EXERCISE BRIEF
Look through the data below for the line with "路基开裂、沉陷，桩严重倾斜" and the line with "2 ，平均厚度约6.6m，体积约16970.58m 3 ，属小型中层滑坡。", then output those two and all lines in between, exactly as written.

RECORD EXCERPTS
::::
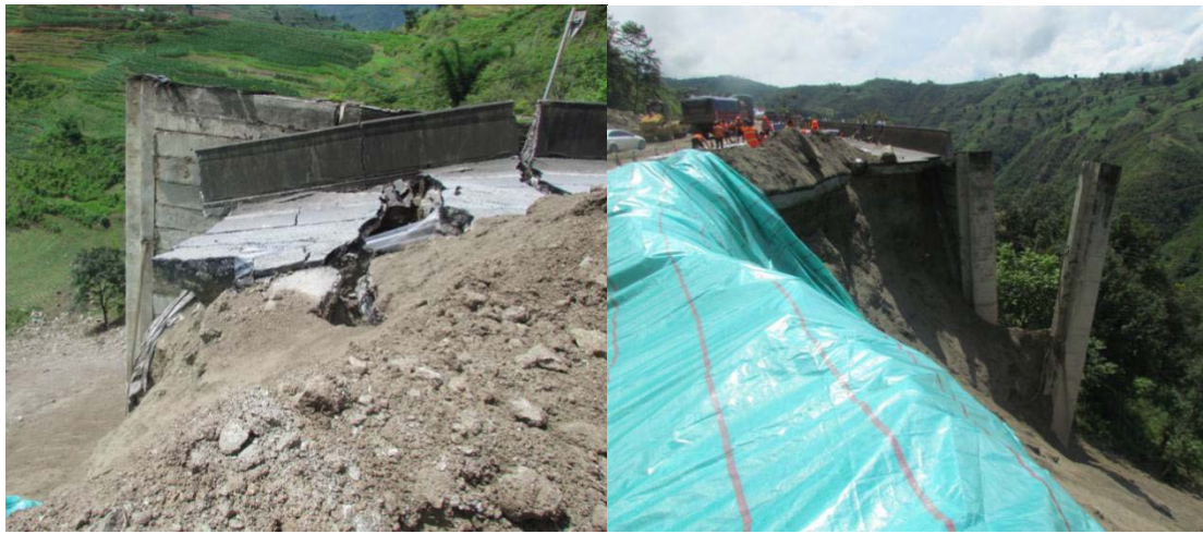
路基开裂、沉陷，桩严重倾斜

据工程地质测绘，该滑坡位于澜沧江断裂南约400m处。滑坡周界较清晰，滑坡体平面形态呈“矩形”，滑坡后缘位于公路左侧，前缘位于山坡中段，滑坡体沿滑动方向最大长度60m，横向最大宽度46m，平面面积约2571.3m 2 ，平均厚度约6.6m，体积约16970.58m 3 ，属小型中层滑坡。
::::
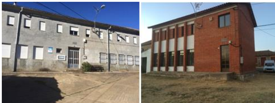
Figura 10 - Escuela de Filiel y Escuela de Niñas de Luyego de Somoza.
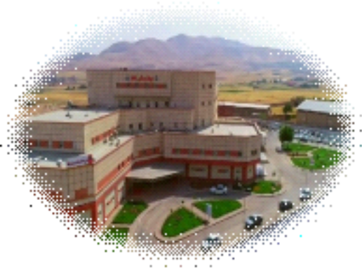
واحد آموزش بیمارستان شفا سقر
::::
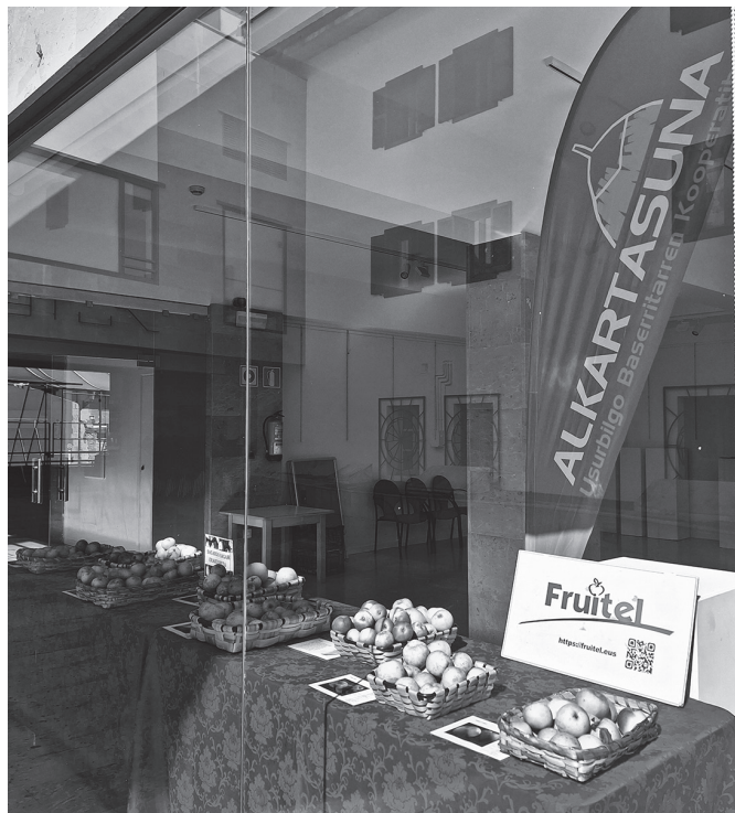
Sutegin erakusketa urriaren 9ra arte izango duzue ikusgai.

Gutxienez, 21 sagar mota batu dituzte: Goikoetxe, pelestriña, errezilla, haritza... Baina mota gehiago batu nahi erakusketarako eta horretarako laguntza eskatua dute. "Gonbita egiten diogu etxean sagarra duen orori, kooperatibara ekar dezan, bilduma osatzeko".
::::
RESPONSE
路基开裂、沉陷，桩严重倾斜

据工程地质测绘，该滑坡位于澜沧江断裂南约400m处。滑坡周界较清晰，滑坡体平面形态呈“矩形”，滑坡后缘位于公路左侧，前缘位于山坡中段，滑坡体沿滑动方向最大长度60m，横向最大宽度46m，平面面积约2571.3m 2 ，平均厚度约6.6m，体积约16970.58m 3 ，属小型中层滑坡。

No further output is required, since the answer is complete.